*WORK TASK*
Lines from the one containing "1700-1800 г •" through the final line of the data, restated word for word and free of pictures, make up the whole answer.

*THE DATA*
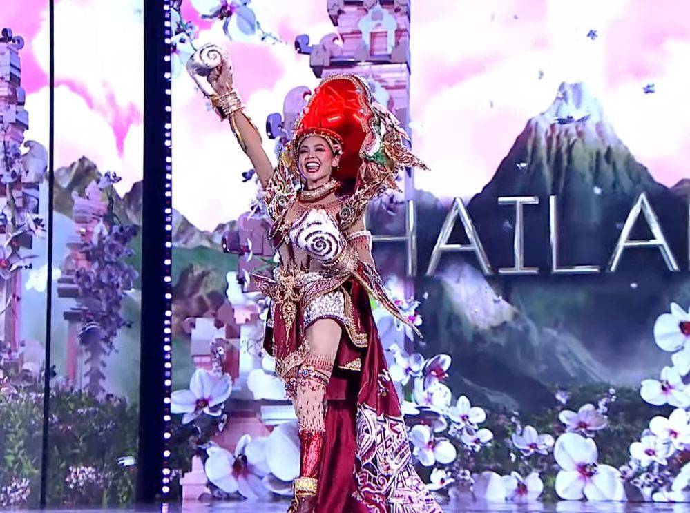 Ngay từ những giây phút đầu xuất hiện, đại diện Thái Lan đã có những động tác vô cùng dứt khoát, thể hiện đặc trưng của bộ môn này. Bộ trang phục trên không chỉ được đánh giá cao bởi ý tưởng thiết kế mà còn nhận được sự ủng hộ bởi phần thể hiện của Hoa hậu Engfa.
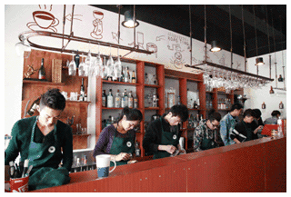 咖啡教學設備采用全球大的咖啡連鎖店星巴克使用的半自動4頭咖啡機、制冰機、操作臺、凈水器,與國際品牌咖啡店接軌。另有2頭咖啡機、磨豆機、法壓壺、虹吸壺、冰滴壺、摩卡壺、比利時壺、越南壺等學習器具。
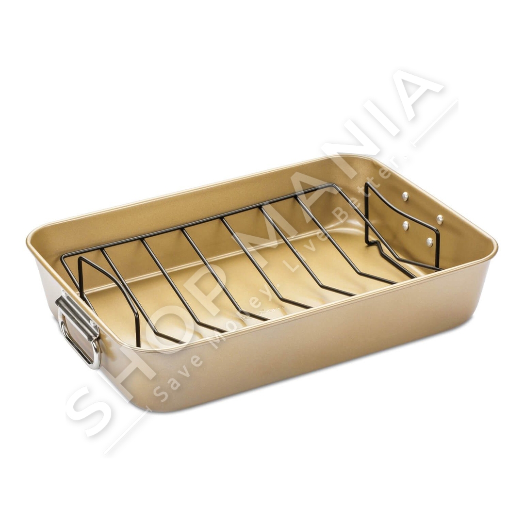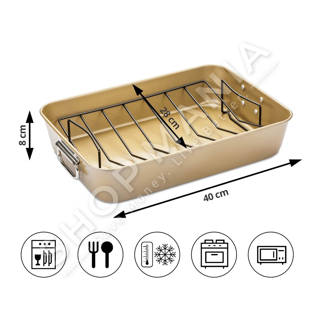 Tave Baker Gold me rrjete celiku te cilesise se larte, nje domoshmeri ne kuzhine. Fale rrjetes se celikut, mishi mund te ngrihet nga tava gjate pjekjes dhe e gjithe yndyra e tepert do te rrjedhe ne fund te taves.
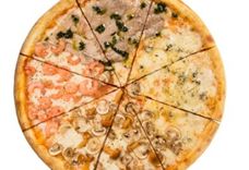 1700-1800 г • Соус томатный, моцарелла, шампиньоны свежие, лосось, классические итальянские колбаски Pepperoni, ветчина куриная, Приправа Орегано, масло чесночное
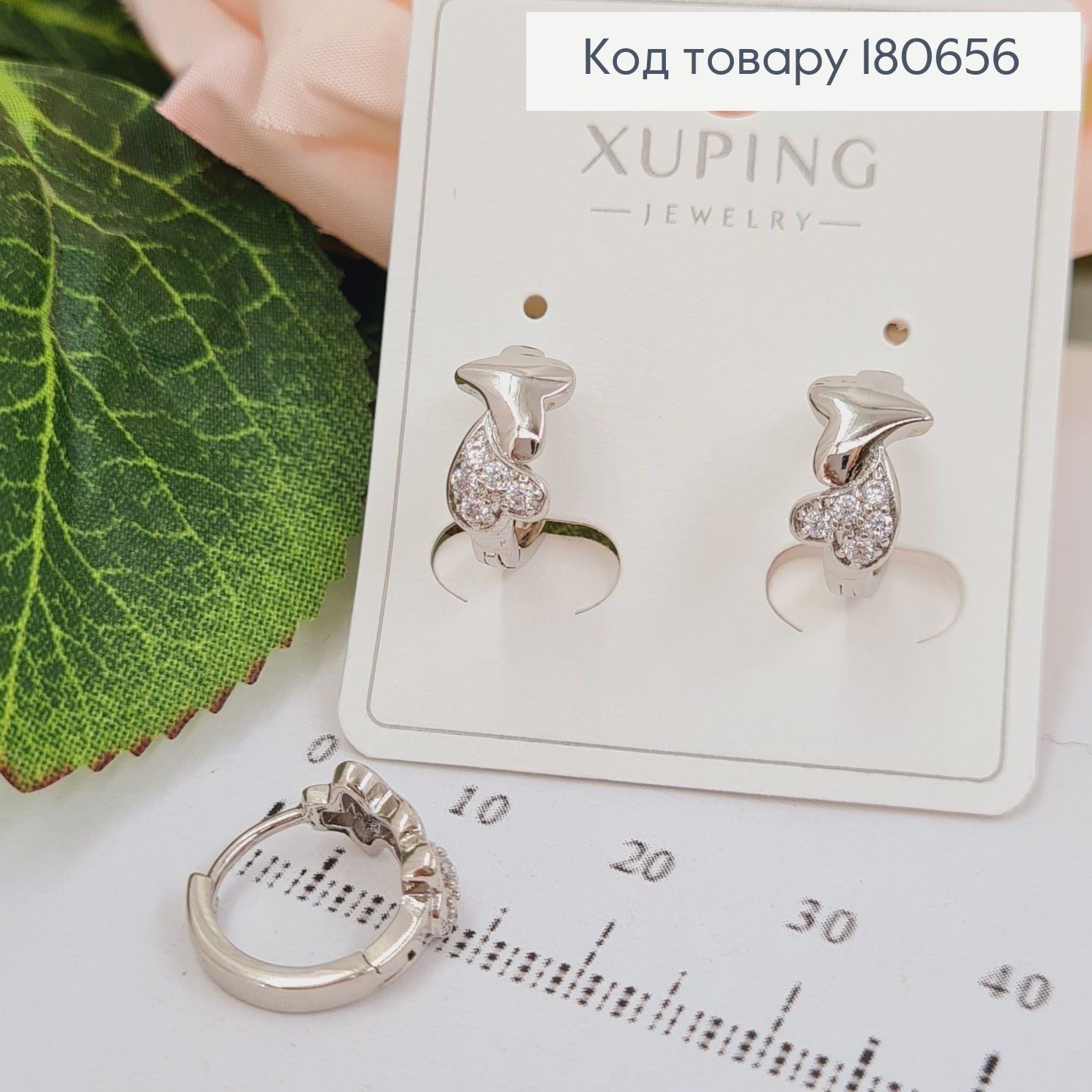 Сережки родированые, кольца с двома сердцами, 1*0,5см, Xuping
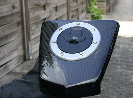 Echt Carbon Tankdeckelabdeckung mit integriertem Tankschloss.

*ANSWER SPACE*
 1700-1800 г • Соус томатный, моцарелла, шампиньоны свежие, лосось, классические итальянские колбаски Pepperoni, ветчина куриная, Приправа Орегано, масло чесночное
 Сережки родированые, кольца с двома сердцами, 1*0,5см, Xuping
 Echt Carbon Tankdeckelabdeckung mit integriertem Tankschloss.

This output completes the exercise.